Monday, August 14, 2006

Hiking in Hangzhou



Going on a five-hour hike with just a guidebook map, a small bottle of water and a shed load of suncream probably isn't the most sensible thing to when the temperature's nudging forty degrees, but needs must when you're working six days a week. I got off the bus just south of West Lake at 11am, aiming for a narrow trail called the Nine Creeks and Eighteen Gullies and, eventually, the famous Dragon Well village, home of China's most expensive green tea leaves. I ended up finding the village but not the trail, instead wandering along a circuitous route that passed car parks, Chinese kids bathing in muddy pools, a hidden cave full of Buddhist carvings, and a tea room that had pictures of a confused looking Queen Elizabeth taking tea with smiling Chinese politicians all around the walls. In the room where I was hurriedly seated there were a few mushy slices of watermelon, two cigarette butts, an cork-topped thermos of hot water and a single scruffy armchair: I eventually concluded the Queen had probably knocked back her cuppa somewhere else. Or did the price suddenly double for her, too, when she passed on the chance to buy a big bag of overpriced tea leaves?
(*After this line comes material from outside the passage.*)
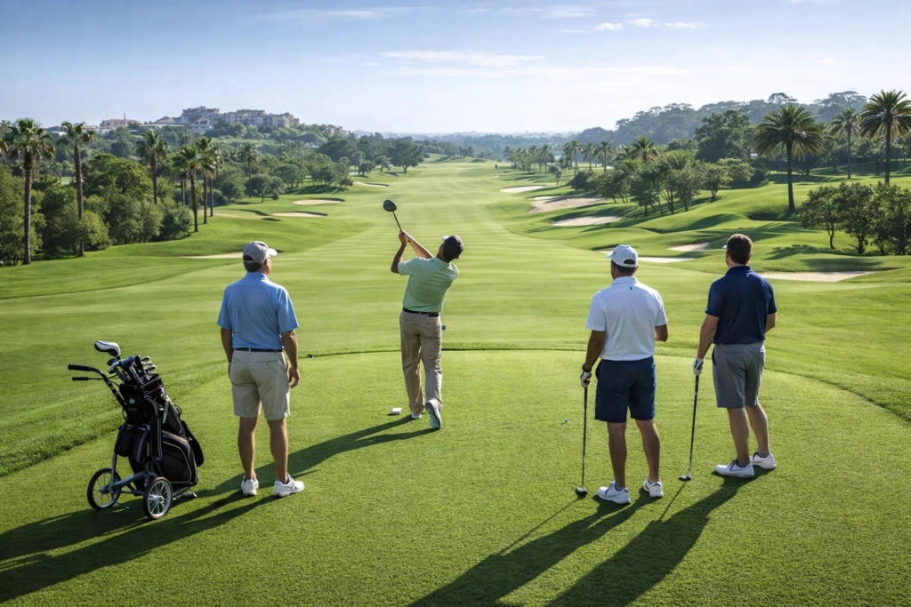 With tee order set, scoring agreed upon, and rotation understood, the group can begin play immediately.

A sudden thunderstorm meant I had to abort the last leg of the walk, so I took the bus back to town and stuffed my face with pizza in a Chinese owned, Australian themed place above Starbucks and across from the Ferrari Store.

I got home around 8pm, had some sushi for supper, knocked back a bottle of Tsingtao and lay on my bed until I fell asleep. The things you can do when you don't have any classes on a Monday morning!